Records to process section start
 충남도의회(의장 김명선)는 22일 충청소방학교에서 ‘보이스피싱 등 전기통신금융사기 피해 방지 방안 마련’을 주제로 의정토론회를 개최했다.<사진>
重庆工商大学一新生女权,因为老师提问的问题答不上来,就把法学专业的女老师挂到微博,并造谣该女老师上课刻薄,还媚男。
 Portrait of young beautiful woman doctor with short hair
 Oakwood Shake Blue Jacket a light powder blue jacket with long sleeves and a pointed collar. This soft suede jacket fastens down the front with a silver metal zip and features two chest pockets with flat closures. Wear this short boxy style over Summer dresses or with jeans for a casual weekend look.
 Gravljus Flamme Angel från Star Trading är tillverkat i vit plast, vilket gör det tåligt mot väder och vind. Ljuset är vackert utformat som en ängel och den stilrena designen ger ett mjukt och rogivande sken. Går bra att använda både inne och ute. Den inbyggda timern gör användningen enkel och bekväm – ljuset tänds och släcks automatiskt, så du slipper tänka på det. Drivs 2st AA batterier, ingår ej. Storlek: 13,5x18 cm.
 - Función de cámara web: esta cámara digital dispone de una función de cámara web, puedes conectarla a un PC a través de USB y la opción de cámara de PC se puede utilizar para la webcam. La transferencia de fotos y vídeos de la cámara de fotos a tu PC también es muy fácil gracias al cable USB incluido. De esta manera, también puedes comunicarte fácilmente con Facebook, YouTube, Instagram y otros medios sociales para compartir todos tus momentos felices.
Records to process section end
Records to process section start
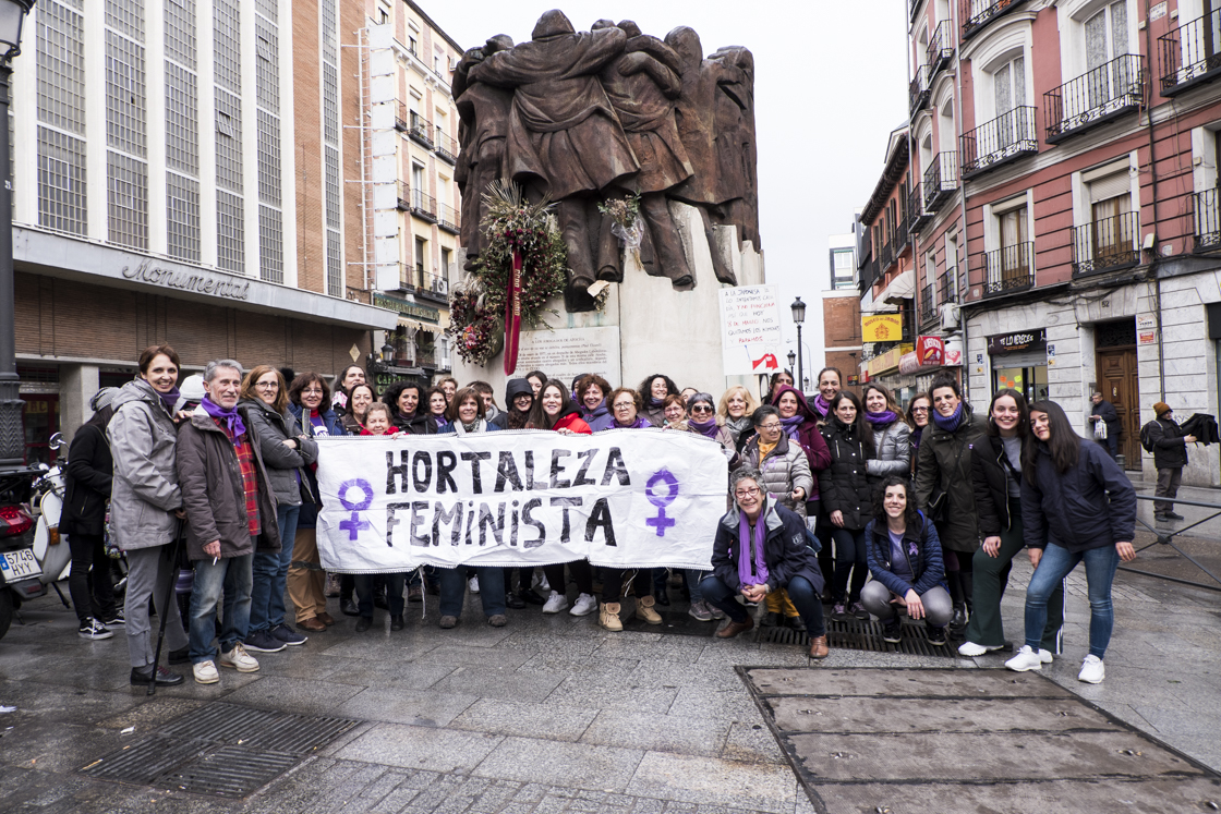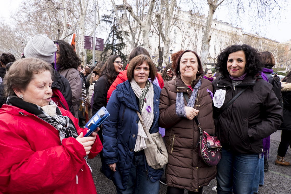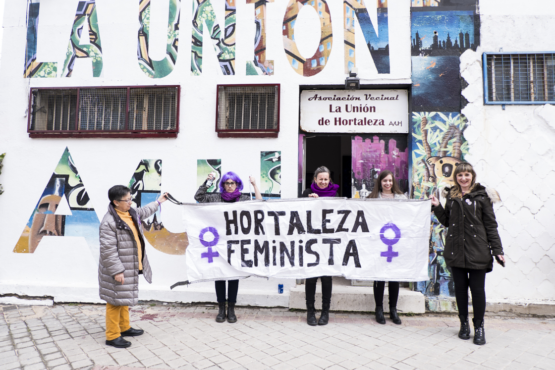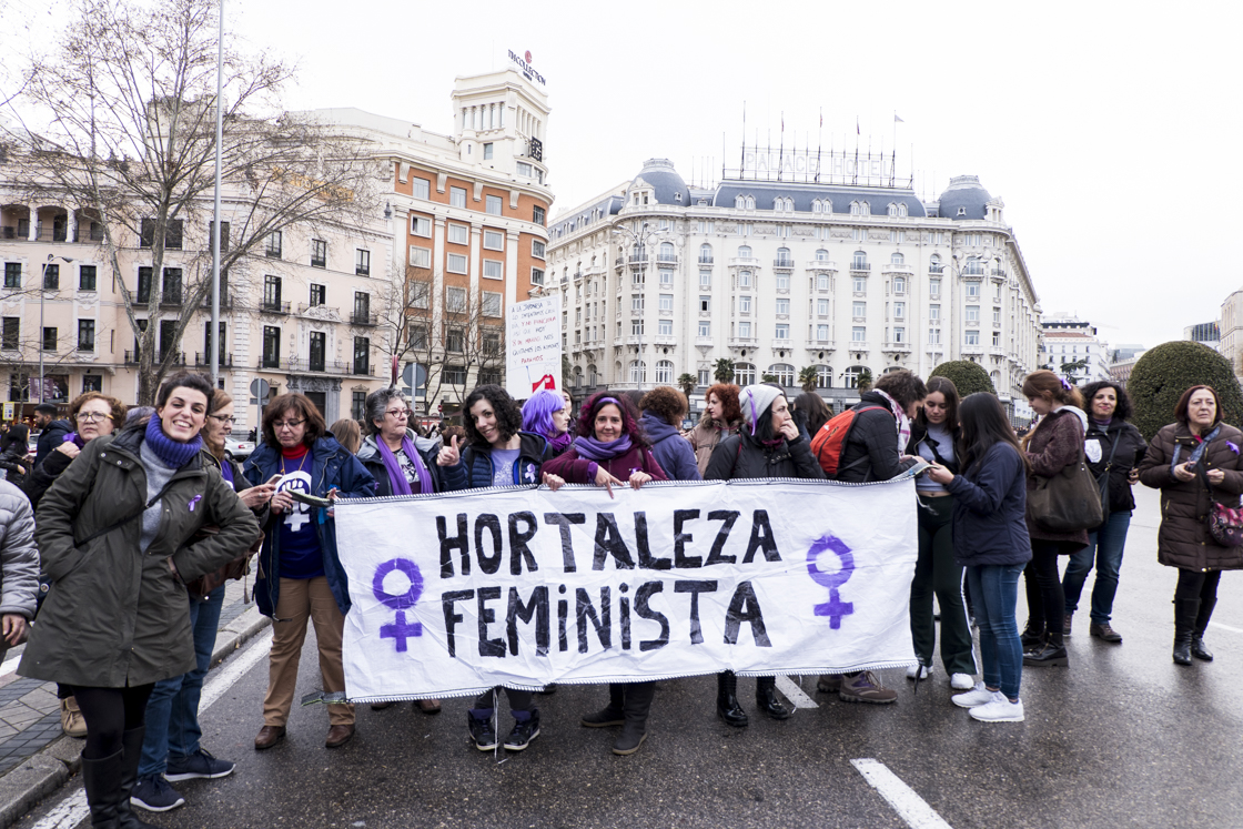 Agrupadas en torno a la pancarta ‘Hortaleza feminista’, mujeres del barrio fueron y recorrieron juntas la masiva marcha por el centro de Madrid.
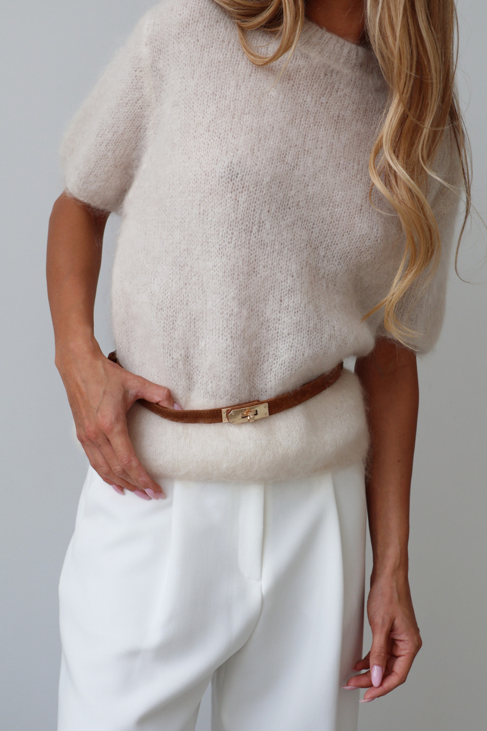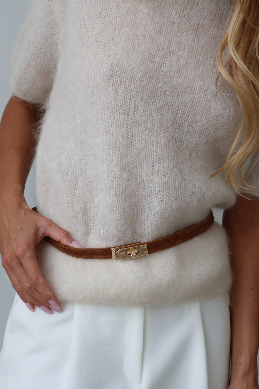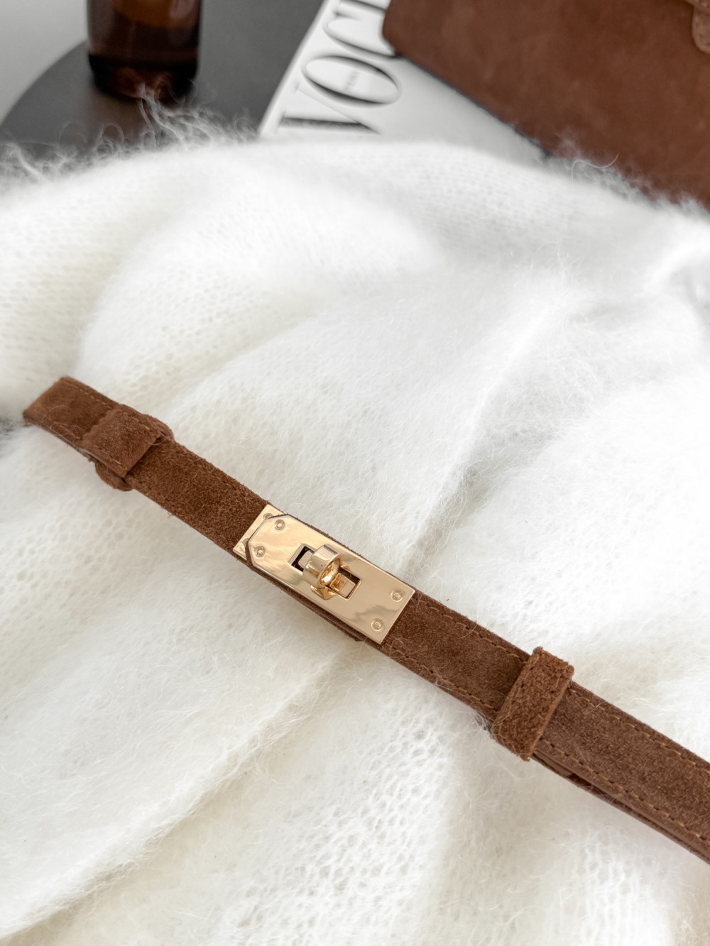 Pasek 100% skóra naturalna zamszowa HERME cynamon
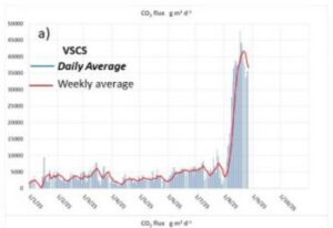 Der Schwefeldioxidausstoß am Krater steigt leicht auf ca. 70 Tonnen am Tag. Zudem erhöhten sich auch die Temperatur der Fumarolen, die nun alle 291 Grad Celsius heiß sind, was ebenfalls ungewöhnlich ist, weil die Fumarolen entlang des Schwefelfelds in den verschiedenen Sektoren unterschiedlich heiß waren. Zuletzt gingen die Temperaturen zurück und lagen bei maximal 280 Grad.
Records to process section end
Problem description
Which lines above run from the one containing "重庆工商大学一新生女权,因为" to the one containing "Portrait of young"? Give them again exactly, both ends included.

The completed task
重庆工商大学一新生女权,因为老师提问的问题答不上来,就把法学专业的女老师挂到微博,并造谣该女老师上课刻薄,还媚男。
 Portrait of young beautiful woman doctor with short hair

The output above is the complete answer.